▶ _WHAT TO PRODUCE_
Please return the listing exactly as it stands, skipping any pictures.

▶ _INFORMATION SHOWN_
----------
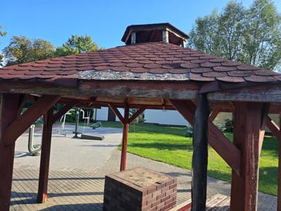 Wyremontujemy również dotkniętą zębem czasu altankę nad paleniskiem. Wymienimy stary i przeciekający gont na blachodachówkę nawiązującą do nowo budowanej altany. Remont przejdzie też konstrukcja wraz z malowaniem.
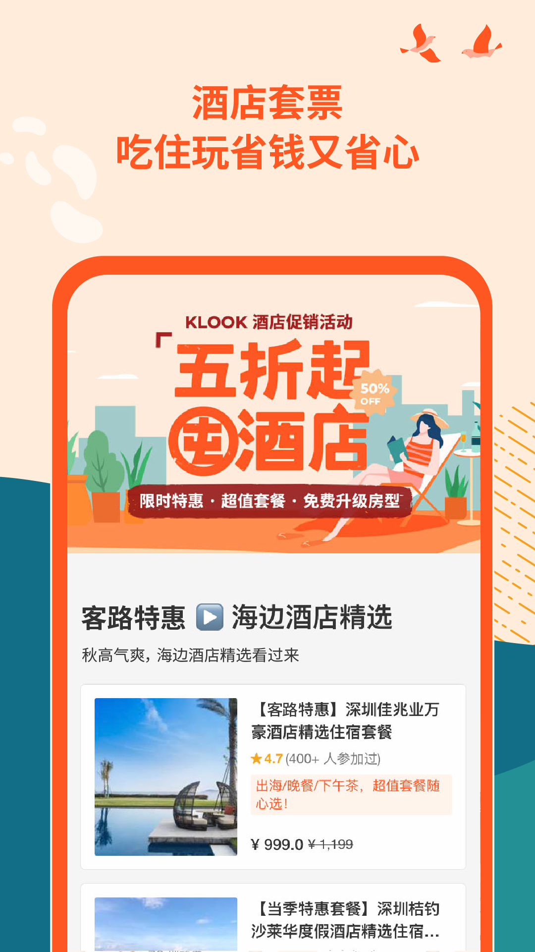 客路旅行(KLOOK)是一款专注于旅行体验预订服务平台,由深圳市客路网络科技精心打造推出。该软件平台为用户提供世界各地上万种值得尝试的目的地玩法,并以官方专注旅游出行服务领域多年的经验积累与完善服务体系为基础,高效聚合来自全球各个国家地区100+热门旅游目的地,精心打造15,000+优质旅行活动,全面提供景点门票、一日游、户外活动、机场接送、交通票券、wifi上网卡等专业出游服务。除此之外,该软件还能为用户提供世界各地上万种值得尝试的目的地玩法,帮助旅行者发掘全球最棒的景点、行程与难忘的当地体验。喜欢旅游出行爱好者不要错过了,快来下载试试吧。
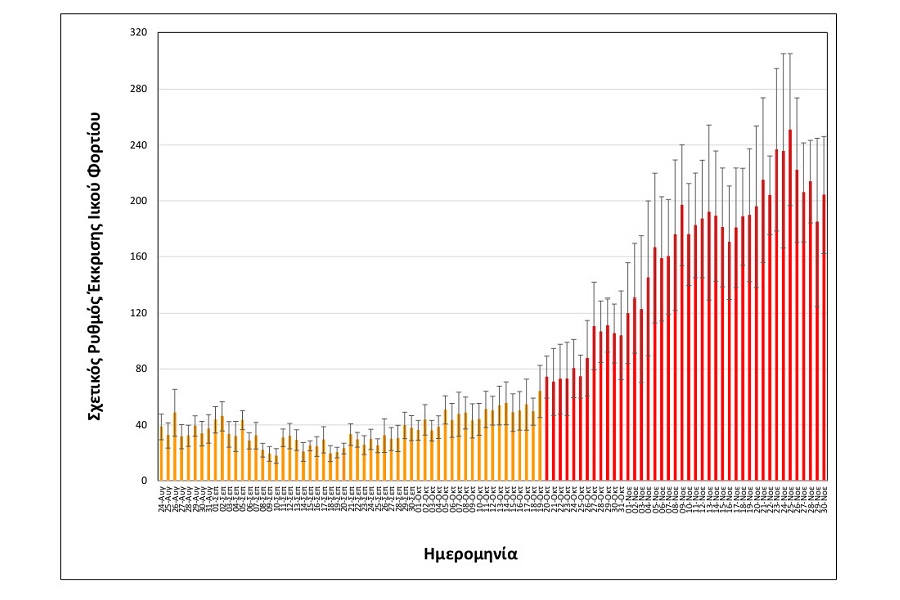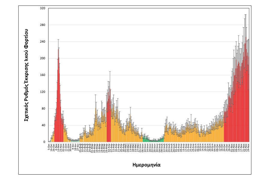 Όπως φαίνεται στα διαγράμματα που παρουσιάζει το ΑΠΕ-ΜΠΕ, το ιικό φορτίο των λυμάτων μετρήθηκε στις 25 Νοεμβρίου στην υψηλότερη τιμή από αρχή της πανδημίας και τις επόμενες μέρες σε ελαφρώς χαμηλότερο επίπεδο.
----------
▶ _SOLVED EXERCISE_
 Wyremontujemy również dotkniętą zębem czasu altankę nad paleniskiem. Wymienimy stary i przeciekający gont na blachodachówkę nawiązującą do nowo budowanej altany. Remont przejdzie też konstrukcja wraz z malowaniem.
 客路旅行(KLOOK)是一款专注于旅行体验预订服务平台,由深圳市客路网络科技精心打造推出。该软件平台为用户提供世界各地上万种值得尝试的目的地玩法,并以官方专注旅游出行服务领域多年的经验积累与完善服务体系为基础,高效聚合来自全球各个国家地区100+热门旅游目的地,精心打造15,000+优质旅行活动,全面提供景点门票、一日游、户外活动、机场接送、交通票券、wifi上网卡等专业出游服务。除此之外,该软件还能为用户提供世界各地上万种值得尝试的目的地玩法,帮助旅行者发掘全球最棒的景点、行程与难忘的当地体验。喜欢旅游出行爱好者不要错过了,快来下载试试吧。
 Όπως φαίνεται στα διαγράμματα που παρουσιάζει το ΑΠΕ-ΜΠΕ, το ιικό φορτίο των λυμάτων μετρήθηκε στις 25 Νοεμβρίου στην υψηλότερη τιμή από αρχή της πανδημίας και τις επόμενες μέρες σε ελαφρώς χαμηλότερο επίπεδο.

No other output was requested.